Consequences of selling up
When a company sells up, the surrounding community may be concerned that talent, IP and other assets will be relocated, leaving things worse than they were before.
However, it can put money into the pockets of entrepreneurs who can then go on to become business angels and help feed the local ecosystem or set up more businesses themselves.
But what do entrepreneurs need to do in order to create a billion-dollar company?
Robbie Hughes, CEO of clinical management software company, Qinec, told Techworld that British people need to change their attitude if the country wants to contend with the US.

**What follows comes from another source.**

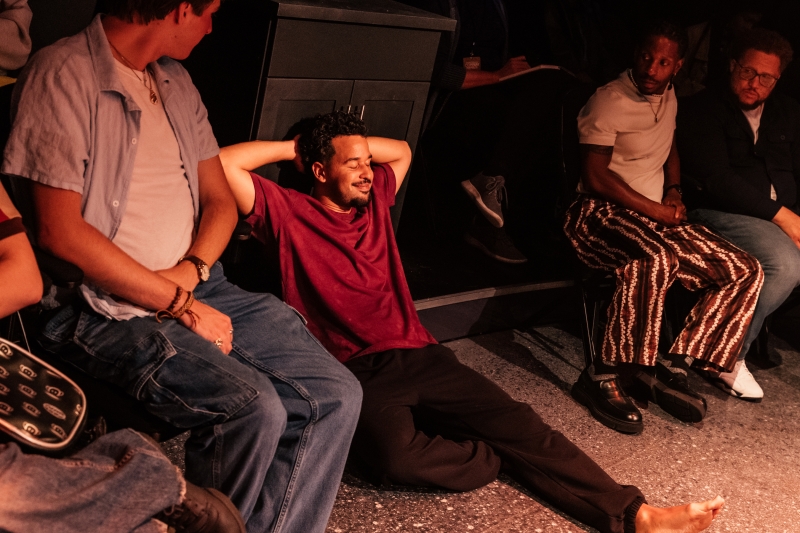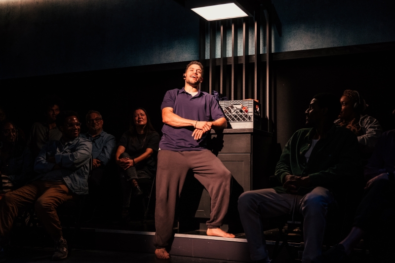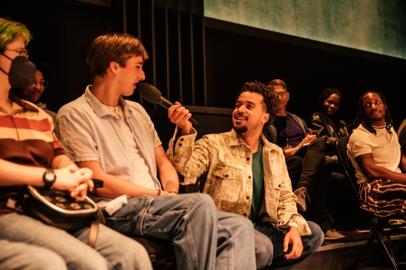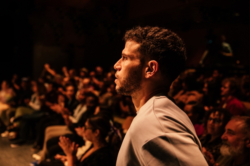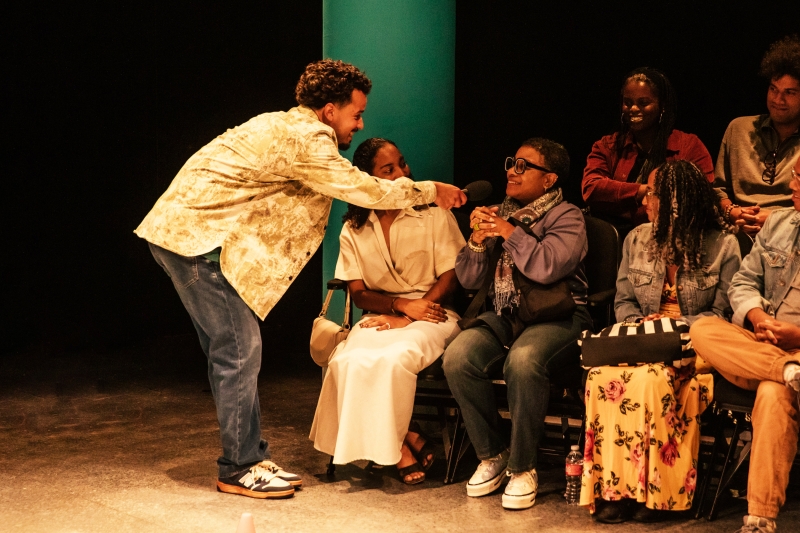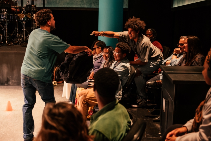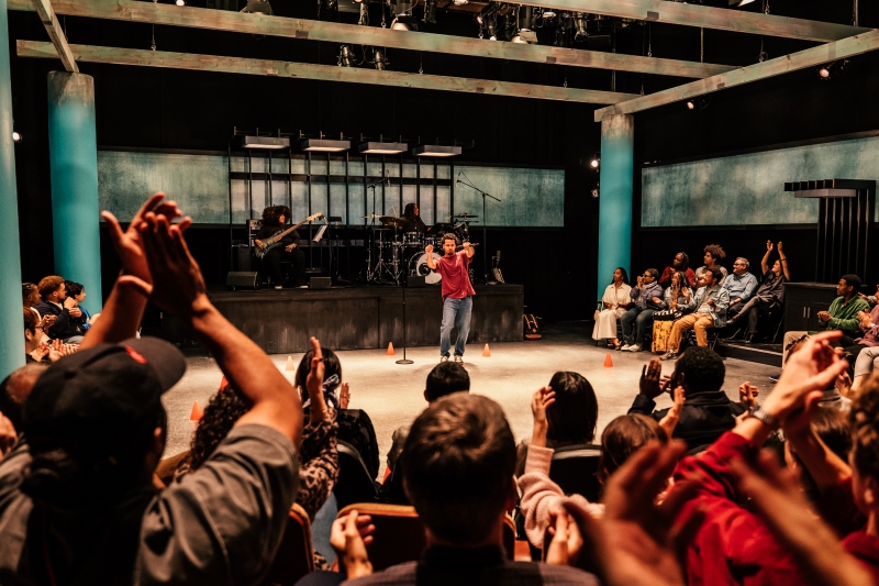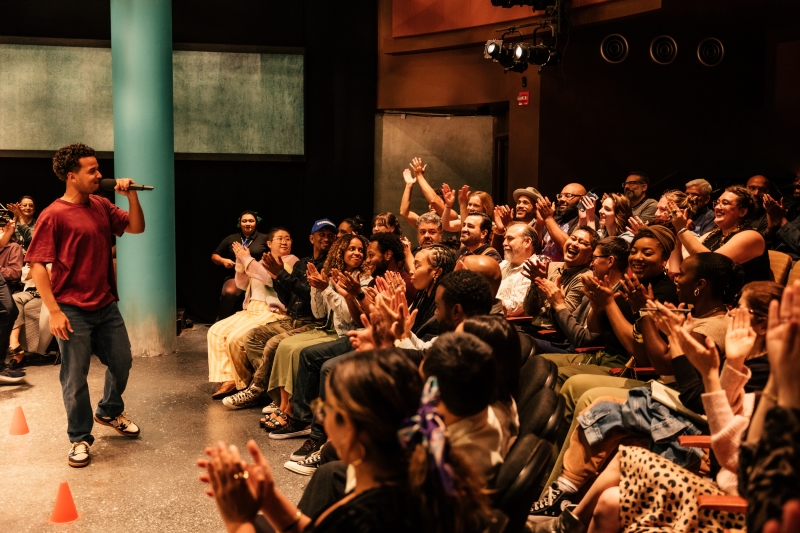 L-R: Marlon Alexander Vargas and Audience in littleboy/littleman at Geffen Playhouse. Directed by Nancy Medina. Photo by Jeff Lorch.
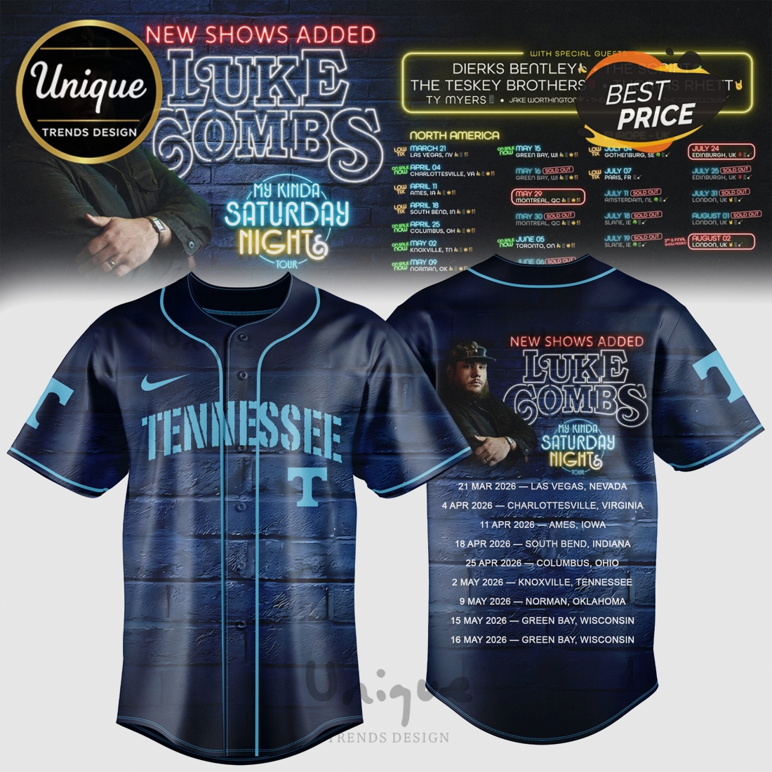 Luke Combs My Kinda Saturday Night Tour 2026 Country Music Baseball Jersey Details

“We start businesses to solve a problem while Americans create a company to change the world,” he said.“ We simply don't think big enough. Perhaps if British companies aimed higher then we would stop underselling ourselves and in the future it would be UK companies taking over US ones.”
Many of the founders who cash in are likely to be entrepreneurs who start other businesses in the UK.
The UK’s IPOckets
There are pockets of the UK where billion-dollar tech companies exist, such as Cambridge, where there are 12 companies with turnovers over 12 billion sollars.
Billion-dollar IPOs that have occurred in Cambridge include CSR and ARM, but neither of them are on the scale of Google or Cisco.
One UK start-up that has been tipped as a billion-dollar company is Cambridge-based RealVNC.
“There are plenty of companies here who are going for the big-time and who are not interested in acquisition,” RealVNC founder and CEO Andy Harter told Techworld.